A Beautiful Day in the Neighborhood writer Noah Harpster revved up the crowd early by telling of his days studying acting at UC Santa Barbara. He then recounted how he started writing as something to do between auditions.
Greta Gerwig, Oscar-nominated for writing Little Women, got the most love from the room the entire evening, as the crowd hung on every word she said. She told stories from when she was starting out and what she studied in school, “I studied philosophy because there are lots of ways to not make money.”
She shared the secret to how she learned to become a screenwriter. When she was auditioning for roles, more often than not she was given entire working scripts. When she wouldn’t land the part, she would hold onto the script and then compare that to the final product when the film finally came out and learn from the differences. The audience loved that.

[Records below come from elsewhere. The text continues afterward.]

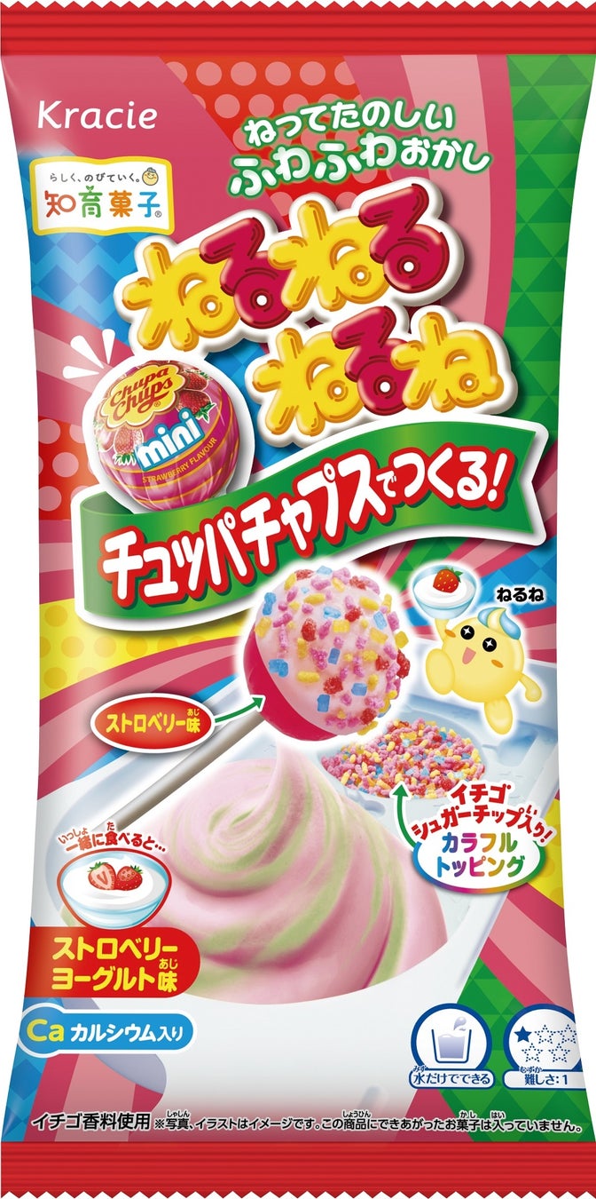 ・ねるねるねるねはストロベリーヨーグルト味、チュッパチャプスはストロベリー味、併せて食べるとより楽しめるイチゴ感
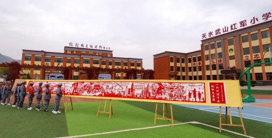 “武山是一片红色的热土,红一、红四方面军先后途经鸳鸯,留下了许多革命遗存。”非遗剪纸传承人刘吉平经常被邀请到各学校为学生们上剪纸课,他特别喜欢以红色文化为题材进行创作。“这两幅剪纸长卷以红色为主题,加入武山红色资源元素,从设计、定稿、刻制、装裱,深深融入了全校师生对党、对国家的无限热爱。通过非遗与红色文化的结合,一方面传承非遗文化,另一方面让大家以更加直观的方式弘扬红色精神、赓续红色血脉,从而汲取奋进力量。”刘吉平说。
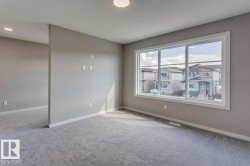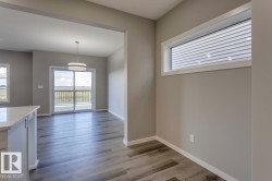 This stunning WALK-OUT home is located in an amenity-rich community, within walking distance of Spruce Grove's new Civic center and quick access to Highway 16. It offers a spacious layout with views overlooking a serene pond- NO neighbors behind you! Featuring a double front attached garage and a 12' x 10' deck. The open concept kitchen, complete with quartz counters, ample cabinetry and overlooks a cozy great room with a sleek 50" linear fireplace. Additional highlights include luxurious primary bedroom with dual vanities and a smart home system for added convenience. Enjoy stylish finishes throughout, including luxury vinyl plank flooring and advanced stain-resistant carpet.
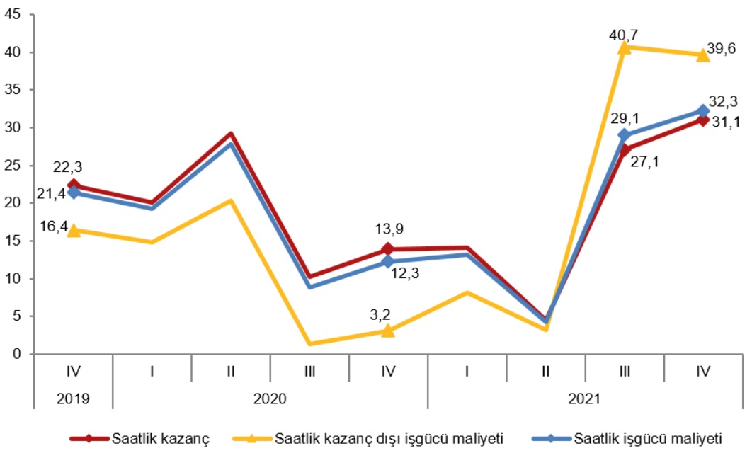 Sanayi, inşaat ve ticaret-hizmet sektörleri toplamında saatlik kazanç dışı işgücü maliyeti endeksi, 2021 yılı lV. çeyreğinde bir önceki yılın aynı çeyreğine göre %39,6 arttı. Alt sektörler incelendiğinde, endeks; sanayi sektöründe %45,6, inşaat sektöründe %34,7, ticaret-hizmet sektörlerinde %36,3 arttı.

Stephany Folsom, writer of Toy Story 4, recounted how she was told to sign an NDA and get on a plane to the Pixar headquarters in northern California, not knowing anything about the project. She arrived and the entire brain trust of Pixar was sitting there. They told her the project was Toy Story 4 and her instant reaction was “why??” Big laughs.
Folsom came to understand when they said that even though so much seemed to be wrapped up in Toy Story 3, Woody’s story still needed a final chapter. What she loved most, however, was the chance to write Bo Peep as an action heroine, something the franchise hadn’t seen before. The depth of Folsom’s passion was not lost on the audience, and they erupted in applause when she explained the theme of the film, which, for her, centers on Bo Peep and her journey: “who do you become when the world throws you out?”

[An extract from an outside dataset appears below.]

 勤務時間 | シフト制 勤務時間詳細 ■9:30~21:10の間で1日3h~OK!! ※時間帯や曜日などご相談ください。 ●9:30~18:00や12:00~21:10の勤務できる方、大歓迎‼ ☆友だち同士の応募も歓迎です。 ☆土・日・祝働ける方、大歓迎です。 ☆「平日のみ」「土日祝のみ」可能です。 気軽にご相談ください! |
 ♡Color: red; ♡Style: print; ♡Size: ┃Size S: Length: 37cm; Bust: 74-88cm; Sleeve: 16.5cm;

Noah Harpster told of the year and a half odyssey of bringing Fred Rogers’ life to the screen. For so long, they had been promised that “there will never be a Fred Rogers movie.” That all changed when they met with Fred Rogers’ widow and she gave it her blessing, with only one caveat: “her only demand was that we not treat her husband as a saint.”

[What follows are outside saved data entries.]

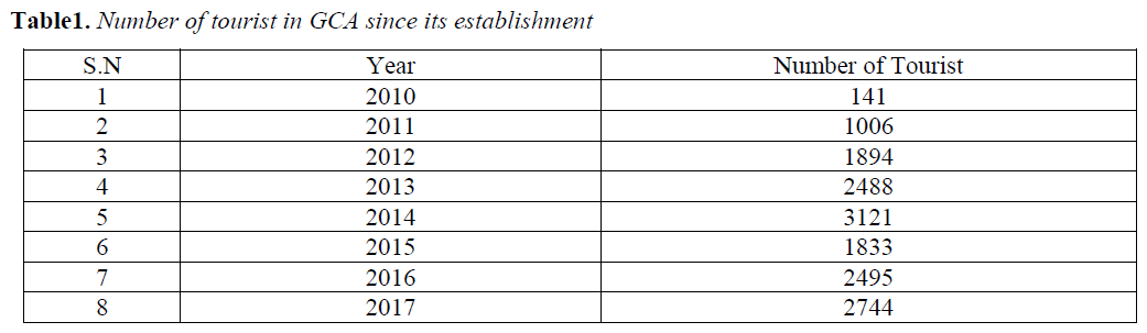 目前,GCAP承担自然资源管理的全部责任,特别是森林管理、非木材林产品监管、旅游推广和遏制非法野生动物犯罪。除了以保护为重点的活动外,它还进行中小型社区发展和推广可替代能源,这有助于森林使用者、保护农民和整个地方社区的利益。在2019财政年度结束时,已取得85。47%的整体进展。2018年尼泊尔旅游业实现总收入为2407亿卢比,提供就业岗位105万个,对该国GDP的贡献达到7。9%。GCA自成立以来,游客人数呈逐年上升趋势。
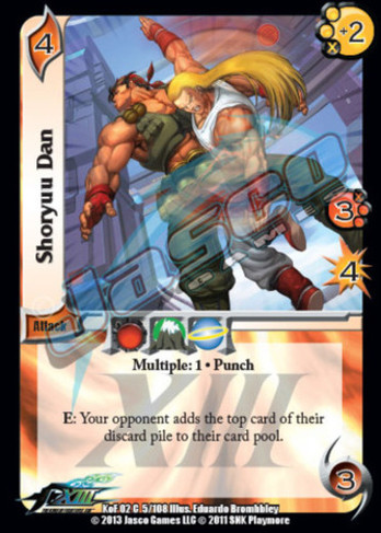 King of Fighters’ Raiden(not to be confused with Mortal Kombat’s Raiden) is an interesting take on the big dumb throws deck in that he plays little to no printed throws. Instead he can make any 4 difficulty attack into a throw for the incredibly low cost of showing a random card in his hand. To capitalize on this we are running attack like Hardened Barrage and Rapid Punches, after making them throws we can now all but guarantee those powerful responses will trigger every time.
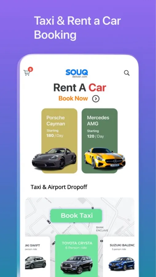 Souq Deliver will be providing Rent a car service through our service provider partner local rent, which has top branded cars including Kia, Hyundai, Nissan, Mitsubishi, Renault, Toyota, MG, Mazda, Peugeot, Mini Cooper, Ford, Mercedes Benz, Range Rover, Porsche, Audi, BMW, Cadillac, Maserati, Bently, Tesla, Lamborghini, Ferrari, etc

Harpster told of the moment he realized the power of Rogers. His own two year old was having a particularly bad day and, out of desperation, Harpster put on a Mr. Rogers Neighborhood tape and his two-year old instantly calmed down and gave Mr. Rogers an attention he himself had never even seen. “Fred Rogers was a warlock.”
Lulu Wang (The Farewell) admitted she was self-taught as a writer. As she discussed her challenge of having no real climax to her film, she discovered that the fear of the lie being revealed was the monster needed for tension throughout the film. “You don’t need a climax if there is the constant fear of the monster in the background,” she remarked.
In response to this, Harpster said his movie really doesn’t have a climax either, so he supposes Fred Rogers is his monster, which the audience absolutely loved.
Then Harpster and Markus looked over at each other as they both instantly realized their next billion-dollar concept: “Fred Rogers: Avenger.”
Wang said that she enjoys it when her actors don’t know if they are in a comedy or a drama. “I like that my actors didn’t know, because that’s life. Who goes to a funeral and says, ‘will this be a drama?’ “
Talking about their next projects, Wang told the crowd that she’s writing a film with an all-female writers room. When it was suggested that they add a man to make it more diverse, she said, “Nah.”
There were audible “oohs” in the room when Markus announced his next film is a screen adaptation of the Cambridge Analytica scandal. Gerwig noted she will be acting in The Three Sisters in the spring, then writing the film Barbie. “Which is a natural extension of Chekhov,” she quipped.